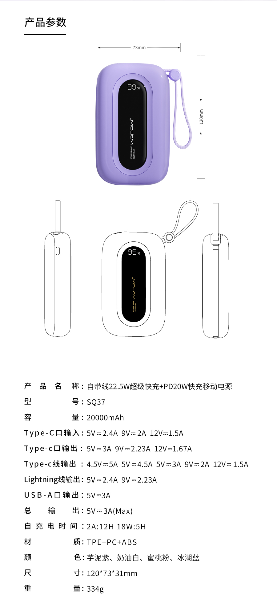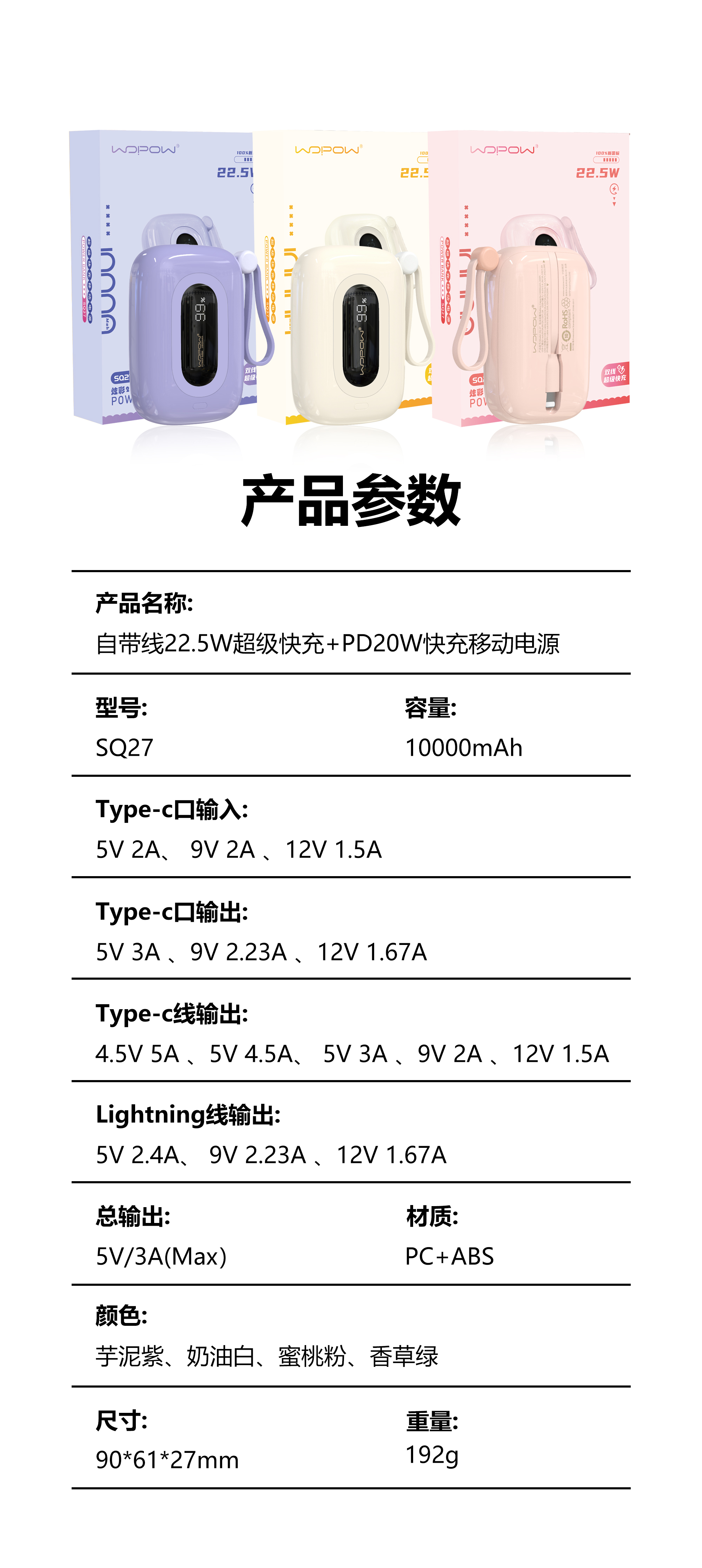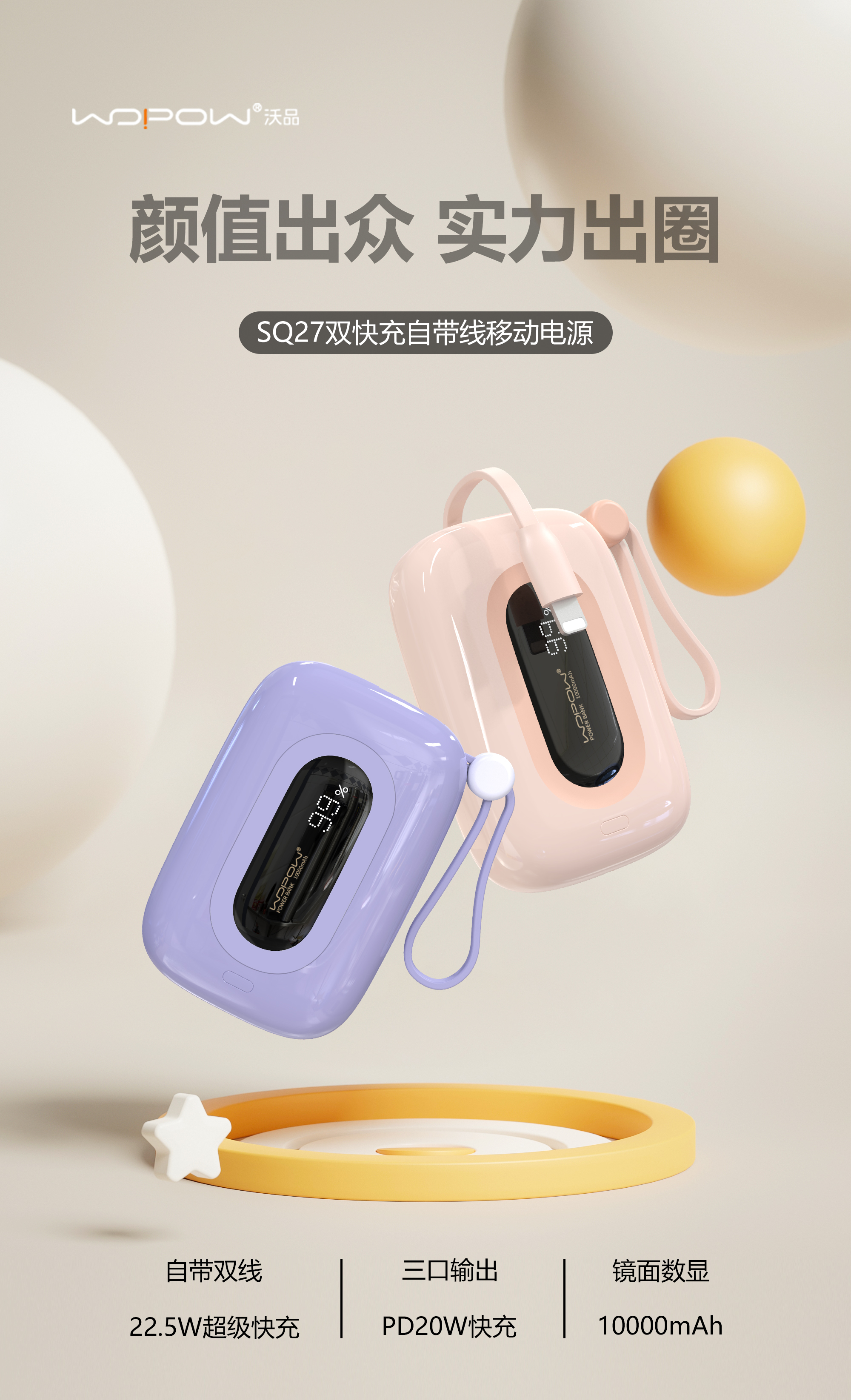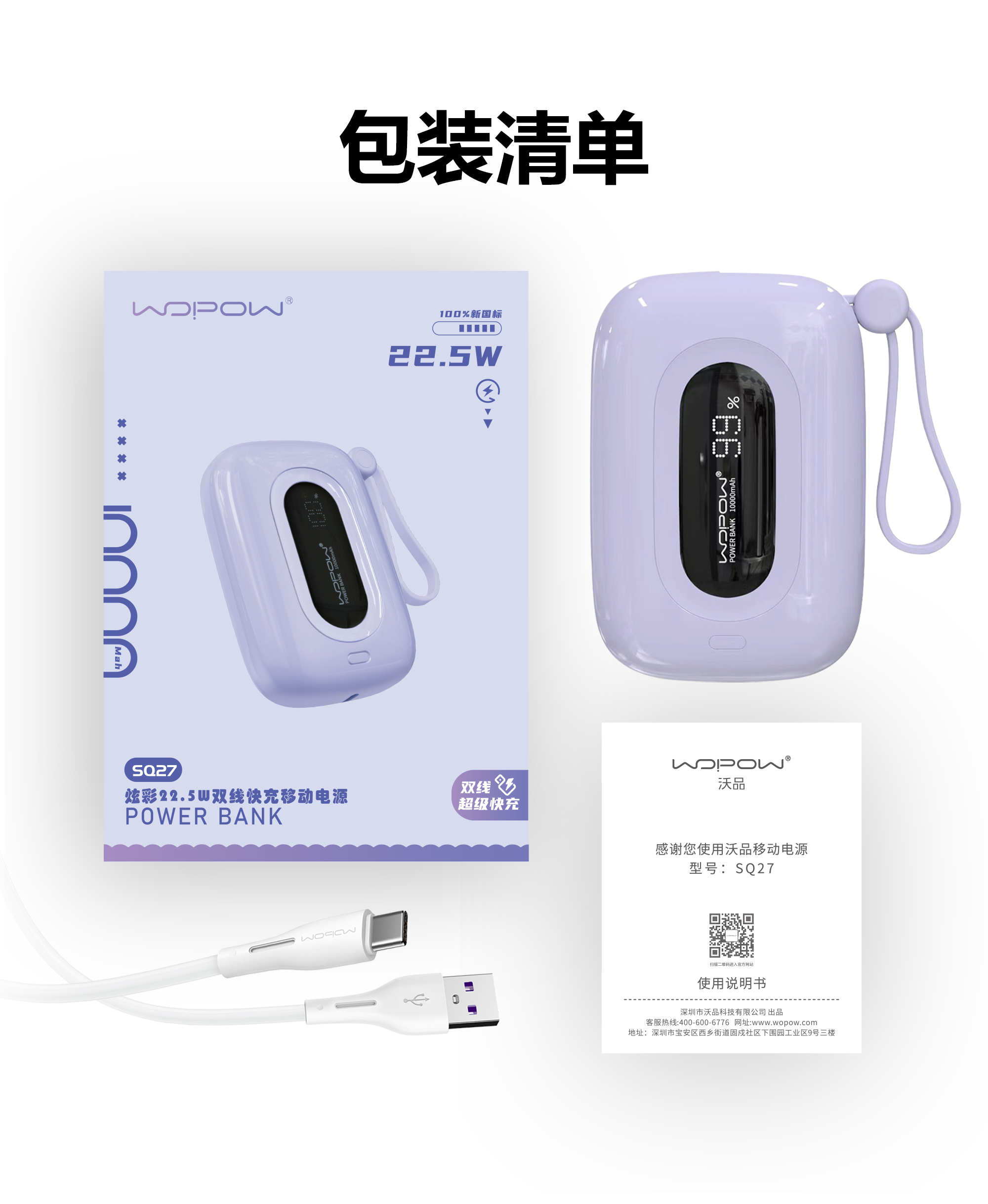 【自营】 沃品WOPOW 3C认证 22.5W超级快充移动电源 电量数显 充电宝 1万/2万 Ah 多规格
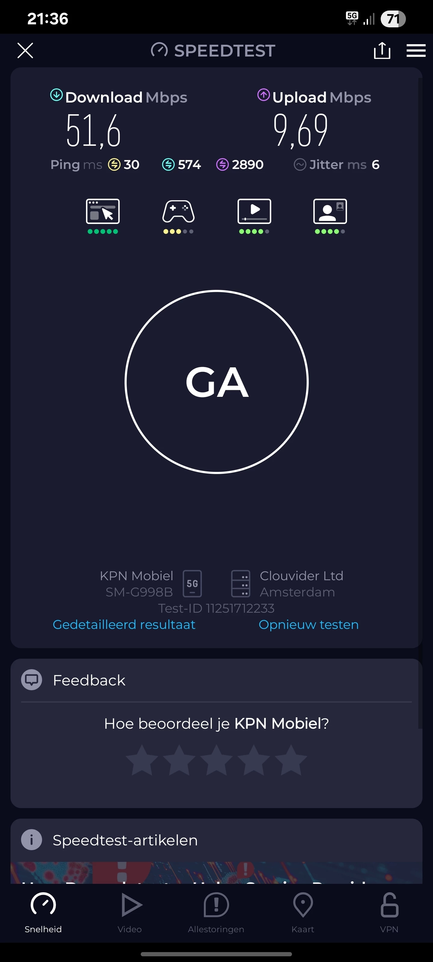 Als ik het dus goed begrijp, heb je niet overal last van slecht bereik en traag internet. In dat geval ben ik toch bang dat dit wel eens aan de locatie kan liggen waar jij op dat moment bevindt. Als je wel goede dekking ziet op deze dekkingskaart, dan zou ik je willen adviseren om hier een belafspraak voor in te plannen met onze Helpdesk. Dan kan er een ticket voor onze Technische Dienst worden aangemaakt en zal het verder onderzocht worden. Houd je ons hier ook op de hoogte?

...

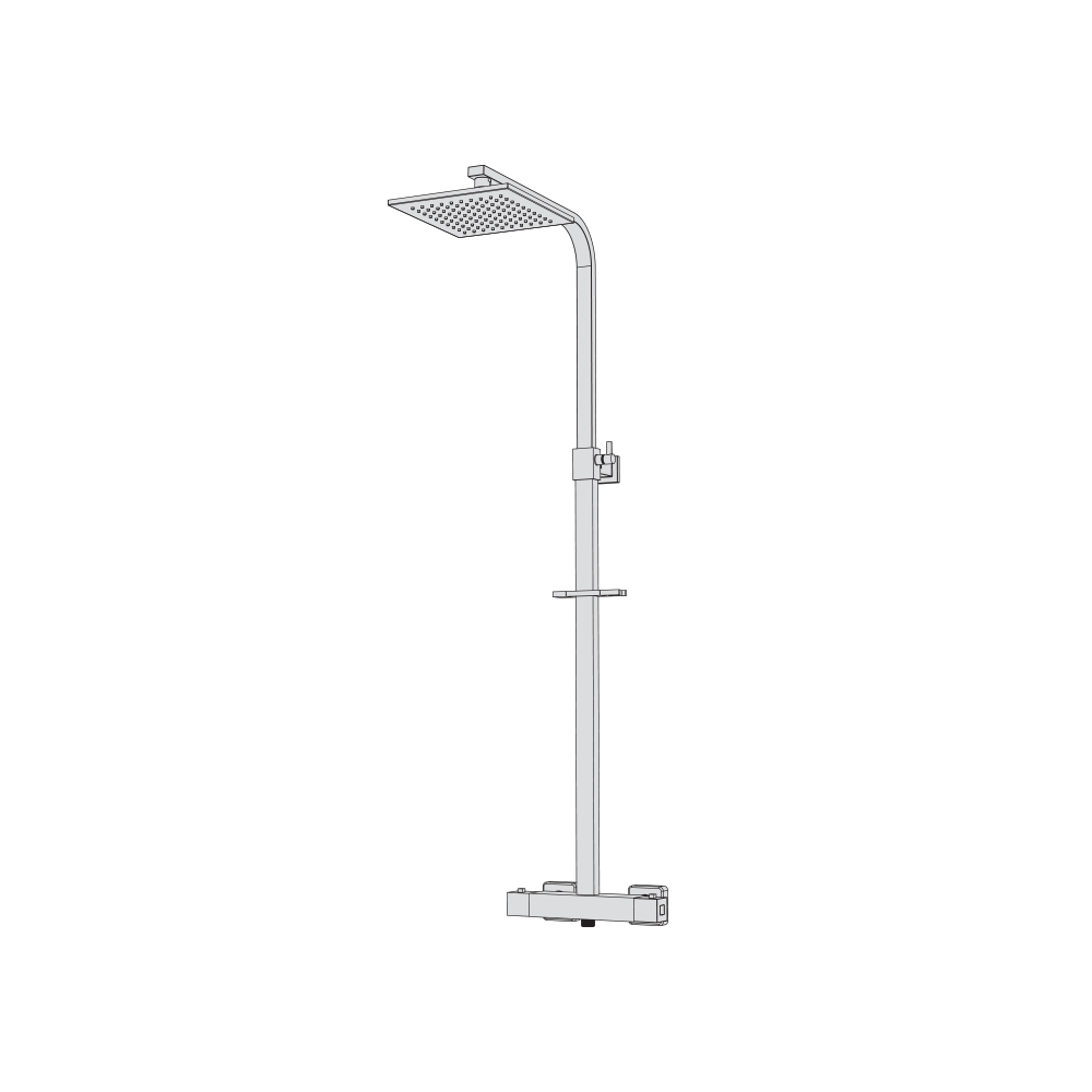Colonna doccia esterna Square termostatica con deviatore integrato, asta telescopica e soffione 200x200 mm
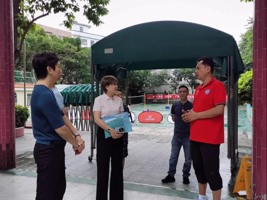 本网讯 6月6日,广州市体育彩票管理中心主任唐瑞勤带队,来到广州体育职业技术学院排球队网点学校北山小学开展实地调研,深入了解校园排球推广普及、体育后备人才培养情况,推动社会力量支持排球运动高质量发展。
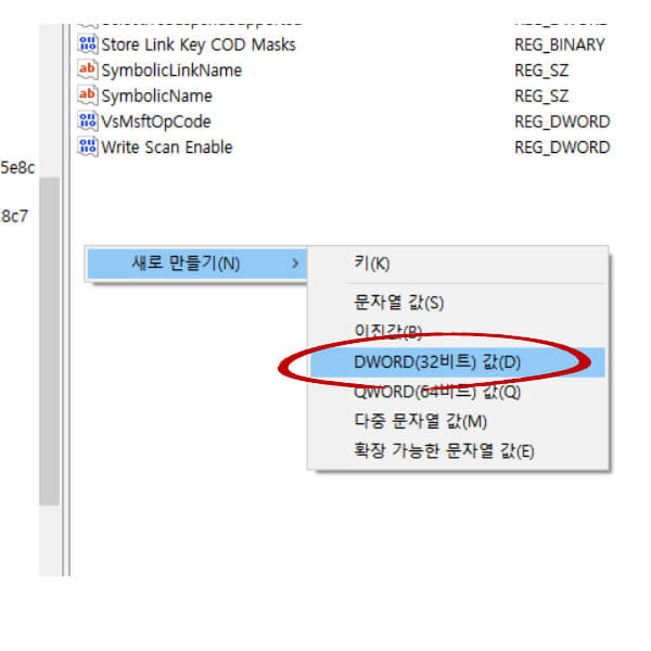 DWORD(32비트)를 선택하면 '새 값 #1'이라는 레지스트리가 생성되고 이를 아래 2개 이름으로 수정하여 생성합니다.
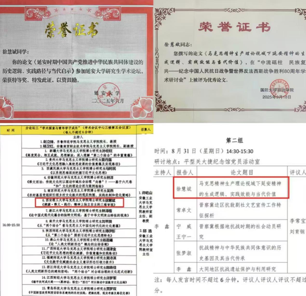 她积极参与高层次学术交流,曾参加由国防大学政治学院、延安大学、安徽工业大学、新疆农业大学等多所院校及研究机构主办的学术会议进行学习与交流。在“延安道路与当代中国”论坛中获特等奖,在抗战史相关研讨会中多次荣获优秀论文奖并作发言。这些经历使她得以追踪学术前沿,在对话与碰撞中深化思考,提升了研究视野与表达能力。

ABOUT THIS EXERCISE –
Using the records above, return verbatim only the part that opens with the line containing "DWORD(32비트)를 선택하면 '새" and closes with the line containing "她积极参与高层次学术交流,曾"; pictures stay out.

RESPONSE AREA –
 DWORD(32비트)를 선택하면 '새 값 #1'이라는 레지스트리가 생성되고 이를 아래 2개 이름으로 수정하여 생성합니다.
 她积极参与高层次学术交流,曾参加由国防大学政治学院、延安大学、安徽工业大学、新疆农业大学等多所院校及研究机构主办的学术会议进行学习与交流。在“延安道路与当代中国”论坛中获特等奖,在抗战史相关研讨会中多次荣获优秀论文奖并作发言。这些经历使她得以追踪学术前沿,在对话与碰撞中深化思考,提升了研究视野与表达能力。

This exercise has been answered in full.